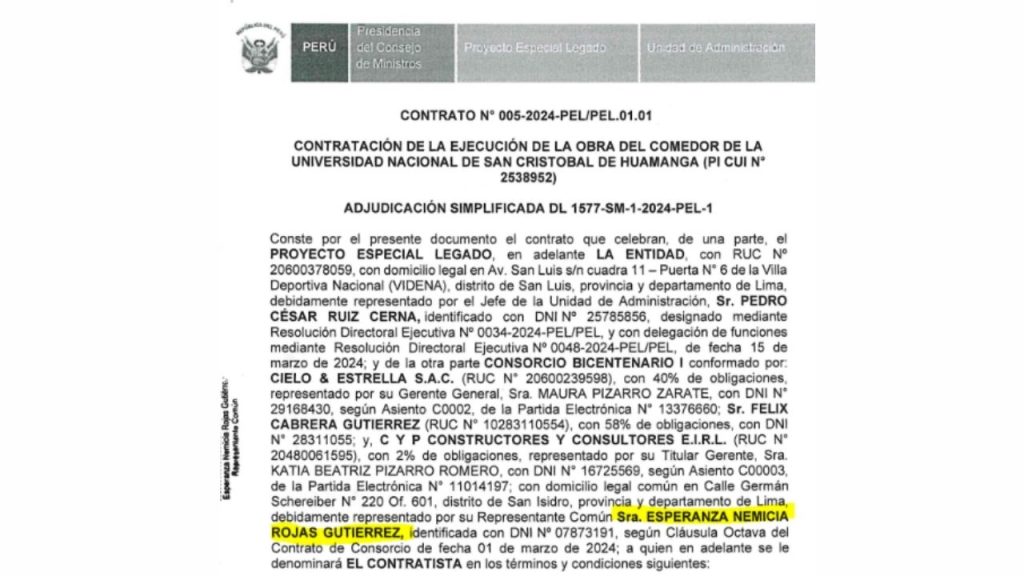 Latina Noticias accedió al contrato firmado entre Legado y el postor ganador. El documento lleva la rúbrica de la empresaria Esperanza Nemicia Rojas Gutiérrez, como representante legal del consorcio. Se trata nada más, y nada menos, que de la presidenta del movimiento político regional Rumi Llaqta, el partido por el que Wilfredo Oscorima se convirtió en gobernador regional en las elecciones del 2022.
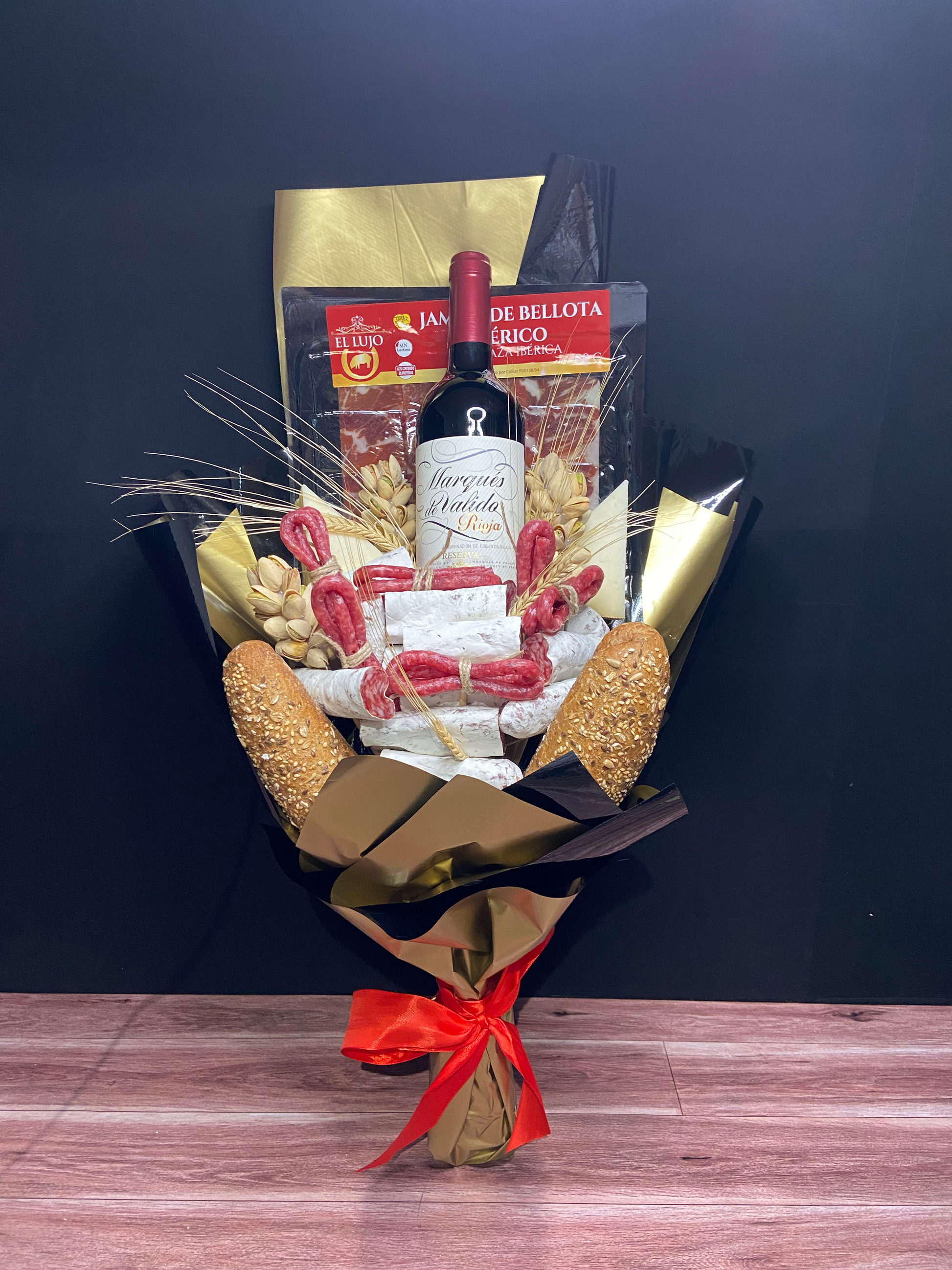 2 Jamón de Bellota Ibérico 100% Raza Ibérica, Fuet, flores de pistachos, Vino tinto gran reserva Marqués de Valido D.O.Ca Rioja 75 cl.,pan, queso curado
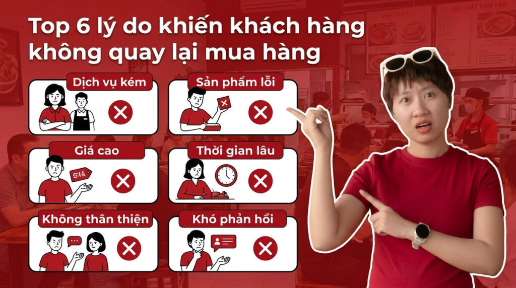 Bạn có biết chi phí để thu hút một khách hàng mới cao gấp 5 lần so với việc giữ chân một khách hàng hiện tại? Thực tế, nhiều chủ quán ăn và doanh nghiệp đang đau đầu đối mặt với một sự thật phũ phàng. Khách hàng chỉ đến mua sản phẩm một lần duy nhất rồi “một đi không trở lại”. Tình trạng này làm tăng tỷ lệ khách hàng rời bỏ và gây thất thoát doanh thu vô cùng nghiêm trọng. Chắc chắn, việc tìm ra những lý do khiến khách hàng không quay lại là ưu tiên sống còn nếu bạn muốn tồn tại. Bài viết này sẽ bóc tách chi tiết những nguyên nhân cốt lõi khiến bạn đánh mất “thượng đế” của mình. Đồng thời, tôi sẽ cung cấp các chiến lược thực chiến giúp bạn cải thiện trải nghiệm và biến họ thành những người ủng hộ trung thành.
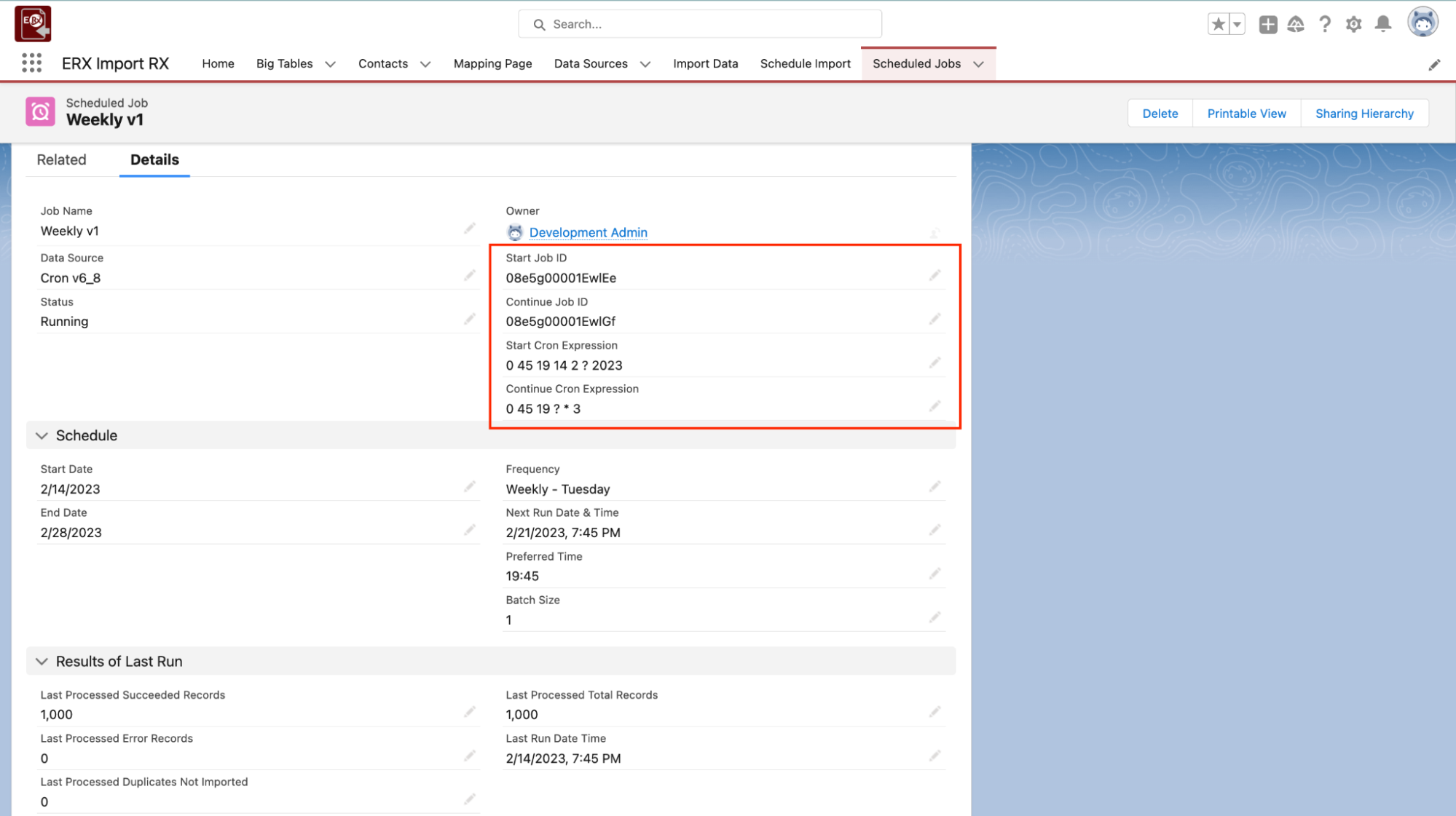 Now, when a Job is scheduled for any frequency, only one scheduled job record will be created. On the Salesforce back end, Import Rx will create two scheduled jobs.

========================================================================

Assignment | Return all of the material precisely as written. No picture belongs in it.

Output for this exercise |
 Latina Noticias accedió al contrato firmado entre Legado y el postor ganador. El documento lleva la rúbrica de la empresaria Esperanza Nemicia Rojas Gutiérrez, como representante legal del consorcio. Se trata nada más, y nada menos, que de la presidenta del movimiento político regional Rumi Llaqta, el partido por el que Wilfredo Oscorima se convirtió en gobernador regional en las elecciones del 2022.
 2 Jamón de Bellota Ibérico 100% Raza Ibérica, Fuet, flores de pistachos, Vino tinto gran reserva Marqués de Valido D.O.Ca Rioja 75 cl.,pan, queso curado
 Bạn có biết chi phí để thu hút một khách hàng mới cao gấp 5 lần so với việc giữ chân một khách hàng hiện tại? Thực tế, nhiều chủ quán ăn và doanh nghiệp đang đau đầu đối mặt với một sự thật phũ phàng. Khách hàng chỉ đến mua sản phẩm một lần duy nhất rồi “một đi không trở lại”. Tình trạng này làm tăng tỷ lệ khách hàng rời bỏ và gây thất thoát doanh thu vô cùng nghiêm trọng. Chắc chắn, việc tìm ra những lý do khiến khách hàng không quay lại là ưu tiên sống còn nếu bạn muốn tồn tại. Bài viết này sẽ bóc tách chi tiết những nguyên nhân cốt lõi khiến bạn đánh mất “thượng đế” của mình. Đồng thời, tôi sẽ cung cấp các chiến lược thực chiến giúp bạn cải thiện trải nghiệm và biến họ thành những người ủng hộ trung thành.
 Now, when a Job is scheduled for any frequency, only one scheduled job record will be created. On the Salesforce back end, Import Rx will create two scheduled jobs.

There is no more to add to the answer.